Financial Information

Insurance Information

During the past three decades, dental plans have become an integral part of healthcare planning for many families. Today, dental plans are based on a variety of employer options, which include many restrictions that could seriously impact your oral health.

Your benefits are designed to serve as assistance for basic and preventive dental services. Therefore, the type of treatment you need and receive from our practice is based upon professional judgment and not whether you are covered by an insurance plan.

Many insurance policies are negotiated between your employer and the insurance company; therefore, in many cases, we cannot determine for you what your individual policy benefits will pay. As a service to you, we will assist you in your claim processing as quickly as possible so you receive the maximum benefit possible within good time.

The contract for your dental insurance is between you and the insurance company. It has been our experience that companies treat the policy holder with more efficiency and consideration than a dental office, who really has no official dealing with them. This allows us to spend our time looking after you, not the insurance company.

We would be happy to discuss any special needs in the handling of your account, since you are very important to us as a client. We offer a variety of payment options, including cash, Visa, MasterCard, and Interac (direct payment).

In addition to these terms of payment, we would also be happy to arrange for you an individual payment plan that can include post-dated cheques or financing through Financeit or Health Smart to obtain the dentistry you want for a more affordable monthly payment than we, the dental office, can offer.

Many clients have found this to be a great benefit: They receive the dental care they need and can fit the smaller monthly payment into their budget.

Please remember that no question is too small to ask. Stop in or call any time you have a question. We are here to help you.

Things Every Insured Patient Needs To Know

Vital Information

  • The name of the person in your company who is in charge of employee benefits
  • Name and phone number of insurance carrier

Information patients will be asked to give when calling their insurance company:

  • Name of subscriber
  • Employee’s date of birth
  • SIN number
  • Employer
  • Policy number
  • Division number
  • Certificate number

Questions Patients Should Ask About Their Insurance

  1. What is the annual maximum allowed per patient?
  2. What is the anniversary date of the policy? (Example: January 1st)
  3. Is there an annual deductible? If yes, how much is it?
  4. Dental benefits are paid on which year’s Saskatchewan Dental Association fee schedule? (example: 1996 or 1999)
  5. How many units of scaling and/or root planing are covered per year? Which codes are allowed for these services?
  6. How many recall appointments are allowed annually? (for example: every 3 months, 6 months, 9 months?)
  7. What percentage of coverage is allowed for the following?
  • Diagnostic services
  • Preventive services
  • Restorative services
  • Endodontic services
  • Periodontal services
  • Major treatment (example: crowns, bridges, dentures)
  • Treatment Planning / Consultations
  1. What is the annual maximum for major treatment?
  2. Is endodontic and/or periodontal treatment classified as basic or major treatment?

Insurance Terms You Should Be Aware Of

Annual Maximum: Most insurance companies have an annual maximum amount of coverage for each patient listed under the insurance policy. This coverage may be changed and patients may not be informed.
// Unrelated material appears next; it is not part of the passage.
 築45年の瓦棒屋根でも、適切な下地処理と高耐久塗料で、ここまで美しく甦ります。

Deductible: The dollar amount the patient pays toward thr treatment total before insurance coverage begins

Eligibility: Eligibility determines who is covered under the insurance policy.
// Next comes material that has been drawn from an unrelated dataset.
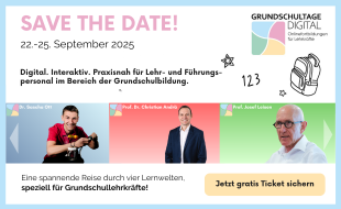 Grundschultage Digital – Fortbildung, die inspiriert! Tauchen Sie ein in neue Ideen für die Grundschule: Zwischen 14:00 und 20:15 Uhr starten im Stundentakt spannende Webinare rund um den Unterricht. Jede 60-minütige Session beleuchtet ein anderes Thema – praxisnah, vielseitig und ganz auf den Grundschulalltag ..

Exclusions: Many dental services and treatments that are clinically necessary are not covered by dental insurance. Their exclusions are usually described in the patient’s insurance booklet, but please be aware that more treatments are being excluded to reduce costs.

Co-Payment: This is the “Out of Pocket” part of the treatment fee that is not covered by dental insurance. Insurance companies will pay a certain percentage of the treatment, but they very rarely cover 100%.

Dual Coverage: This is when both spouses are covered by different insurance plans. The insurance companies usually coordinate the benefits so the patient does not receive more than 100% of the cost of the treatment.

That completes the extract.